Lists, seem to be like arrays or vectors in other programming languages and are usually used for the same types of things in Python. However, they are more flexible in that you can put different types of things into the same list. Generally, they are the most flexible data structure since you can put a whole list into a single list element of another list, but for real data crunching they may not be efficient enough.

a = [1,"fred",7.3]
b = []
b.append(1)
b[0] = "fred"
b.append(a) # now the second element of b is the whole list a

Dictionaries are often used a lot like lists, but now you can use any immutable thing as the index to the dictionary. However, unlike lists, dictionaries don't have a natural order and can't be sorted in place. Of course you can create your own class that incorporates a sorted list and a dictionary in order to make a dict behave like an Ordered Dictionary. There are examples on the Python Cookbook site.

c = {}
d = ("ford pickup",1993)
c[d] = 9995

Arrays are getting closer to the bit level for when you are doing heavy duty data crunching and you don't want the frills of lists or dictionaries.
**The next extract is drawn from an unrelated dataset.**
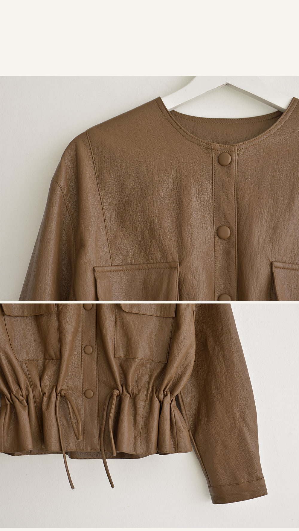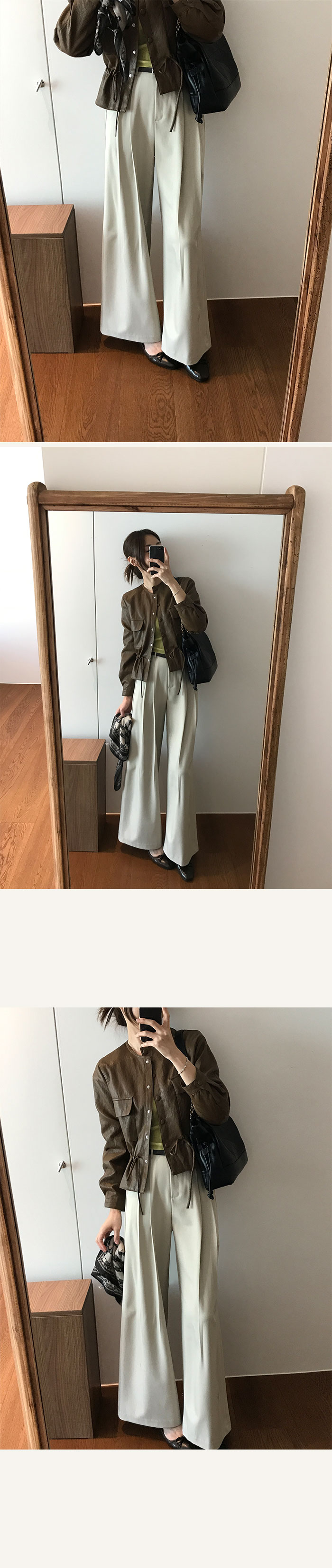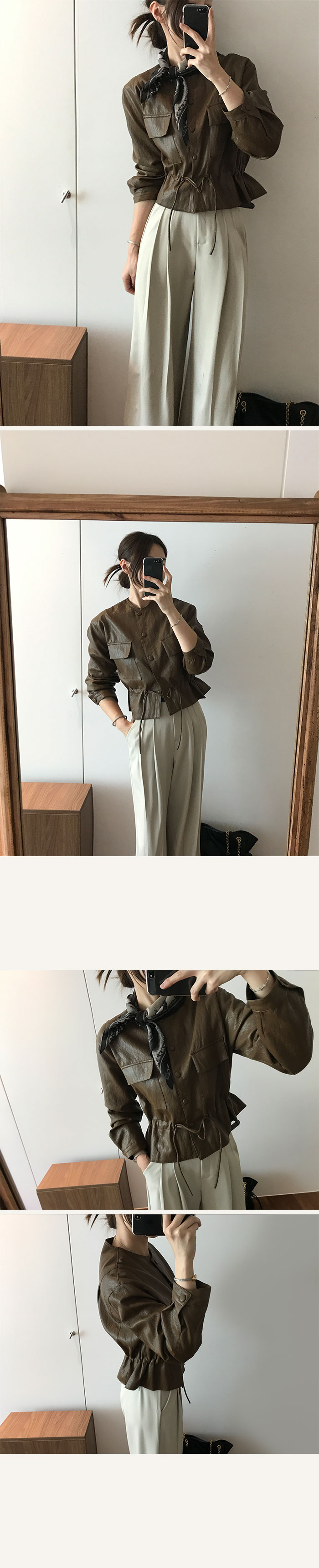 유연하면서 부드러운 레더 소재로 간절기에 착용하기 좋구요

They are not often used outside of scientific applications. Leave these until you know for sure that you need them.

Lists and Dicts are the real workhorses of Python data storage.

Michael Dillon
I'd add that tuples correspond most directly to mathematical tuples (pairs, triples, etc.), as opposed to lists which are sequences of objects. So use a tuple when you have a collection of things which comprise one item (e.g. x and y coordinates), and lists when they are conceptually separate items.
Michael E
A: 

Personal: I mostly work with lists and dictionaries. It seems that this satisfies most cases.

Sometimes: Tuples can be helpful--if you want to pair/match elements. Besides that, I don't really use it.

However: I write high-level scripts that don't need to drill down into the core "efficiency" where every byte and every memory/nanosecond matters. I don't believe most people need to drill this deep.

TIMEX